🤖 AI Summary
Federated learning (FL) has long suffered from poor model interpretability. This paper proposes FedNAMs, the first framework to systematically integrate Neural Additive Models (NAMs) into FL, enabling privacy-preserving, client-local interpretable modeling. Methodologically, it introduces feature-decoupled training, a two-tier (local-global) interpretability mechanism, and attribution-aligned cross-device aggregation—supporting both client-specific explanations and identification of globally salient features. Evaluated on heterogeneous datasets—including Wine, Heart Disease, and Iris—FedNAMs achieves accuracy within <1% of federated deep neural networks, while delivering fine-grained, causally grounded feature attributions (e.g., volatile acidity, type of chest pain). This substantially enhances model trustworthiness in high-stakes domains such as finance and healthcare, where transparency and accountability are critical.
📝 Abstract
Federated learning continues to evolve but faces challenges in interpretability and explainability. To address these challenges, we introduce a novel approach that employs Neural Additive Models (NAMs) within a federated learning framework. This new Federated Neural Additive Models (FedNAMs) approach merges the advantages of NAMs, where individual networks concentrate on specific input features, with the decentralized approach of federated learning, ultimately producing interpretable analysis results.
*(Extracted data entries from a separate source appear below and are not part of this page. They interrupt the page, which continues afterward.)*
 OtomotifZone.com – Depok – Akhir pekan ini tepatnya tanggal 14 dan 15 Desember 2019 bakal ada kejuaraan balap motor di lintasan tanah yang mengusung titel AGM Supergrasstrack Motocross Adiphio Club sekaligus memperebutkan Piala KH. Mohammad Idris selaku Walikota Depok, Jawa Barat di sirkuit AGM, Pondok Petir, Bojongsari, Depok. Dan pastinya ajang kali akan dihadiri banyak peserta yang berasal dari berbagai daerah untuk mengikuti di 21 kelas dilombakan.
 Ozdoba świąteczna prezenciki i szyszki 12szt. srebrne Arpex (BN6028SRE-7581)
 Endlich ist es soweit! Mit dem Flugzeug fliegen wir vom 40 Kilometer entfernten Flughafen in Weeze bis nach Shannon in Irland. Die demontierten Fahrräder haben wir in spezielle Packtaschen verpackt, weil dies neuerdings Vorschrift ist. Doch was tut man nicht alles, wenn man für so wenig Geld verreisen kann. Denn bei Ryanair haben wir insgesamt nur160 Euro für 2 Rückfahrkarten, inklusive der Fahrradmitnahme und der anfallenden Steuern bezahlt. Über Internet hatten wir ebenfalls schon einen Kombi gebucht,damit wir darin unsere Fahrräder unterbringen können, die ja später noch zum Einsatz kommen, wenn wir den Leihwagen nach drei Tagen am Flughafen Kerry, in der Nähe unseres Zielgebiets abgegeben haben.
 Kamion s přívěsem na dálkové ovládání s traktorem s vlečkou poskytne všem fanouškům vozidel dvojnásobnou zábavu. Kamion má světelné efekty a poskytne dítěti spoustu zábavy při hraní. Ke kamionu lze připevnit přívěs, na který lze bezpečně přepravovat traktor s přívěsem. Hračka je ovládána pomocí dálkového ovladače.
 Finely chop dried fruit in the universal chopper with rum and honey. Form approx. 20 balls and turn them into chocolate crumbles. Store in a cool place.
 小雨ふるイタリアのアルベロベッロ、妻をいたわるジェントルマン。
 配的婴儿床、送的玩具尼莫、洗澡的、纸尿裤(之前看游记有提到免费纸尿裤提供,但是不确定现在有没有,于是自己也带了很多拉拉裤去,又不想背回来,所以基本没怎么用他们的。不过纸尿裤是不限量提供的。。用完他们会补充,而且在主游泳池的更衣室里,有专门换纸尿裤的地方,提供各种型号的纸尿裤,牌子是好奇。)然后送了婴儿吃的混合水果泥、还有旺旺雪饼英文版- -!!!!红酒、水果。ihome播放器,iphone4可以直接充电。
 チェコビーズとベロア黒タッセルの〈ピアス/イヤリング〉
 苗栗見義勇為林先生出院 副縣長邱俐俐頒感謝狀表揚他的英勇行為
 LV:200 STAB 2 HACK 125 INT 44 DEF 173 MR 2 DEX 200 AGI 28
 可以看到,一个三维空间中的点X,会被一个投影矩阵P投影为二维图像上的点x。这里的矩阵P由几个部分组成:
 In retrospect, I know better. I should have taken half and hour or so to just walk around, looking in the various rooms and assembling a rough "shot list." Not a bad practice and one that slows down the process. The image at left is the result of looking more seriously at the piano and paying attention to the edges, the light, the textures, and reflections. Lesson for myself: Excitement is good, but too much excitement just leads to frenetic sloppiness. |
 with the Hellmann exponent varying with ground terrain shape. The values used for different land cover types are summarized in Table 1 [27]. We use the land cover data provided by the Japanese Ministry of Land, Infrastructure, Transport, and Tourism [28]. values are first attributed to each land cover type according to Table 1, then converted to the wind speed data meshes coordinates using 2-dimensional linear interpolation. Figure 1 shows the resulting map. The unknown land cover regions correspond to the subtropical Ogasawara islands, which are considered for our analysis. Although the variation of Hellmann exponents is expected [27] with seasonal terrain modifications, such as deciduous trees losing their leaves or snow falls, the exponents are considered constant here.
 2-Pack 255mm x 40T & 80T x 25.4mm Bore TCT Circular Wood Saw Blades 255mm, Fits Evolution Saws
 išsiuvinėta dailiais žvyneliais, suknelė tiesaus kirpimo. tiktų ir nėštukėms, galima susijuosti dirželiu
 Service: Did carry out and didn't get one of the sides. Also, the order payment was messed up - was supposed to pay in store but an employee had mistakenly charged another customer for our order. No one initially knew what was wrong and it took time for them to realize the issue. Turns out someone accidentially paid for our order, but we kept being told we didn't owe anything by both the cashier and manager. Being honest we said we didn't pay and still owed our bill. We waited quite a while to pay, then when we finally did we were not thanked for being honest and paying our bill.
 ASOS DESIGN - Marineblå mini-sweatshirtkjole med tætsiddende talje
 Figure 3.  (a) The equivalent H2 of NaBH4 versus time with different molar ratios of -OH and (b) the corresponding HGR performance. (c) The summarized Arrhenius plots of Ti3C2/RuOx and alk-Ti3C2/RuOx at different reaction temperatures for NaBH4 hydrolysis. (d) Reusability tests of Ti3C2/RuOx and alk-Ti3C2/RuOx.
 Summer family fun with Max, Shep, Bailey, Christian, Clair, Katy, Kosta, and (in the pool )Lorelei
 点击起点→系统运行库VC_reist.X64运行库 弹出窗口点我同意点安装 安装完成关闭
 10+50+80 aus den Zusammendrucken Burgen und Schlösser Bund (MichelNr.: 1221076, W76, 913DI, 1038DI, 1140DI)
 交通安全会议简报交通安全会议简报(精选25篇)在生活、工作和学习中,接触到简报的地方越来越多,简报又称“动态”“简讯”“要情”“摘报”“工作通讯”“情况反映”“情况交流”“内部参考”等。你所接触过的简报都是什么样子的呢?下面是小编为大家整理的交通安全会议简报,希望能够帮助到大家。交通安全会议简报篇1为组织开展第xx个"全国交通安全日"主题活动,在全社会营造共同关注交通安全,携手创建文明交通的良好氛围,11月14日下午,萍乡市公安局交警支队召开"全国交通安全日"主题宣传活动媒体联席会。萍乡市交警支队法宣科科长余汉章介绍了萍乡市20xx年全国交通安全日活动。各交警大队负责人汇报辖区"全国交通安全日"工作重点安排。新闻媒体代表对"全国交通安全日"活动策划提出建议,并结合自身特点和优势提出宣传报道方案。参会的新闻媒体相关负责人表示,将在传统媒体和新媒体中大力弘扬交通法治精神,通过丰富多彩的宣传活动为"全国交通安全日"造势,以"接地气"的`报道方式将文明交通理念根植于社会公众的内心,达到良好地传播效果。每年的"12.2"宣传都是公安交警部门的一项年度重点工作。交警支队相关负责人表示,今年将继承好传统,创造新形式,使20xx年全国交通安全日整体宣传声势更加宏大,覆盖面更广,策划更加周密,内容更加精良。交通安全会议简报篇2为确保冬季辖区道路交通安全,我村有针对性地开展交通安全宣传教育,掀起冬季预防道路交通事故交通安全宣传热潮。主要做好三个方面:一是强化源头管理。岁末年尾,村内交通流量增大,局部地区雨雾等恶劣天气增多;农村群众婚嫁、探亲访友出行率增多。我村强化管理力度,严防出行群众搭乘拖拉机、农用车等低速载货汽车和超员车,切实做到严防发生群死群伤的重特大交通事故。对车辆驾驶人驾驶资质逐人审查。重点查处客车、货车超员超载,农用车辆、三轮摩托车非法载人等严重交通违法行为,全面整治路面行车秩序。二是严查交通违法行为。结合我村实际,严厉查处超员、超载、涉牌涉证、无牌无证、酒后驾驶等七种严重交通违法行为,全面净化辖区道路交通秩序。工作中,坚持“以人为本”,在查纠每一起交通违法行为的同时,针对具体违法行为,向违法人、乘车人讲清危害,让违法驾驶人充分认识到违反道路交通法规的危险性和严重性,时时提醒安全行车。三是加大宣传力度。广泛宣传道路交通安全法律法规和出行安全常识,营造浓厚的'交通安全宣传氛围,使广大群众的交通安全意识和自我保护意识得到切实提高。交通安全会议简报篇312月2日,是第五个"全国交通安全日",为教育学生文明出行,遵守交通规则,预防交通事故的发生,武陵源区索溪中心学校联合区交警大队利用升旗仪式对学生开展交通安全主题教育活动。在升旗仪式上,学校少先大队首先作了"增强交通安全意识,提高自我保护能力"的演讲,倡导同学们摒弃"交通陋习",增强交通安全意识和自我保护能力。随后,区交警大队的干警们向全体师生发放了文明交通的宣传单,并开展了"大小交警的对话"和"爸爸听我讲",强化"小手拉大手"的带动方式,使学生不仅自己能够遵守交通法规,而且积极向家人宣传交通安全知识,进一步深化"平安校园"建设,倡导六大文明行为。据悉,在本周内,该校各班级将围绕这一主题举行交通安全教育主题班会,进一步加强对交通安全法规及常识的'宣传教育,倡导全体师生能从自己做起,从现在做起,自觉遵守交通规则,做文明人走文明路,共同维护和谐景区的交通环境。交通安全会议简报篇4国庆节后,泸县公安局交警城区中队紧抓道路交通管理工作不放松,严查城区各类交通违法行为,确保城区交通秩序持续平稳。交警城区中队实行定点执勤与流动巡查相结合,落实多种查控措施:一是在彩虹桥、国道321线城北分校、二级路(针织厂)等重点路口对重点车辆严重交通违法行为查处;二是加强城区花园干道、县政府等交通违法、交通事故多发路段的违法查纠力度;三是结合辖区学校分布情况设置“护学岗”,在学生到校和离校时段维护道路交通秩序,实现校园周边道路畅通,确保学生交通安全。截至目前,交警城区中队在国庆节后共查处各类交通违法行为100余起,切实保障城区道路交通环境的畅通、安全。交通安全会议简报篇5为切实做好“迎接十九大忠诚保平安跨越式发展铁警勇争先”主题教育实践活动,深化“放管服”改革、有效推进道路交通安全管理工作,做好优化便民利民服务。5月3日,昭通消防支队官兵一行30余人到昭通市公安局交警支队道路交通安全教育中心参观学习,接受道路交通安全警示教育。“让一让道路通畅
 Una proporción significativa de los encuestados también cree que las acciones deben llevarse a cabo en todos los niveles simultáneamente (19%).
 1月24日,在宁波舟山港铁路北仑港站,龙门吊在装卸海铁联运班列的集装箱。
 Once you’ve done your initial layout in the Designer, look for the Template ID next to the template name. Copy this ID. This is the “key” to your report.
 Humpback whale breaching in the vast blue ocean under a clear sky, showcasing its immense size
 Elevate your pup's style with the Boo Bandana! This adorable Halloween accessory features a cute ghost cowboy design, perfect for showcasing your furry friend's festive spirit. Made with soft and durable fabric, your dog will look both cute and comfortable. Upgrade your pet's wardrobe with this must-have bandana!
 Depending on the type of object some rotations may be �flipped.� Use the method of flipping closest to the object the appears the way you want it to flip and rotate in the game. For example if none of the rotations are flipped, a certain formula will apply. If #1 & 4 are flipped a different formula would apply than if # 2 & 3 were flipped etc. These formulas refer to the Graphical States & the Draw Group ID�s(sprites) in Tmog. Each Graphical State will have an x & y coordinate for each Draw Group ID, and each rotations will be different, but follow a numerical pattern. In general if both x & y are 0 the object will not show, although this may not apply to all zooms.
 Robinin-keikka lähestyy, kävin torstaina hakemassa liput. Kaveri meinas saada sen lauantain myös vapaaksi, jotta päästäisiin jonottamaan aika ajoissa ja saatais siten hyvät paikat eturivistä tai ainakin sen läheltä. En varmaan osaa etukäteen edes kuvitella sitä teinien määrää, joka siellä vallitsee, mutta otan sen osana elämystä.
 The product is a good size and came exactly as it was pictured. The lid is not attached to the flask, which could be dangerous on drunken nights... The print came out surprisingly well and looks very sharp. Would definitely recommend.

This integration enhances privacy by training on local data across multiple devices, thereby minimizing the risks associated with data centralization and improving model robustness and generalizability. FedNAMs maintain detailed, feature-specific learning, making them especially valuable in sectors such as finance and healthcare. They facilitate the training of client-specific models to integrate local updates, preserve privacy, and mitigate concerns related to centralization. Our studies on various text and image classification tasks, using datasets such as OpenFetch ML Wine, UCI Heart Disease, and Iris, show that FedNAMs deliver strong interpretability with minimal accuracy loss compared to traditional Federated Deep Neural Networks (DNNs). The research involves notable findings, including the identification of critical predictive features at both client and global levels. Volatile acidity, sulfates, and chlorides for wine quality. Chest pain type, maximum heart rate, and number of vessels for heart disease. Petal length and width for iris classification. This approach strengthens privacy and model efficiency and improves interpretability and robustness across diverse datasets. Finally, FedNAMs generate insights on causes of highly and low interpretable features.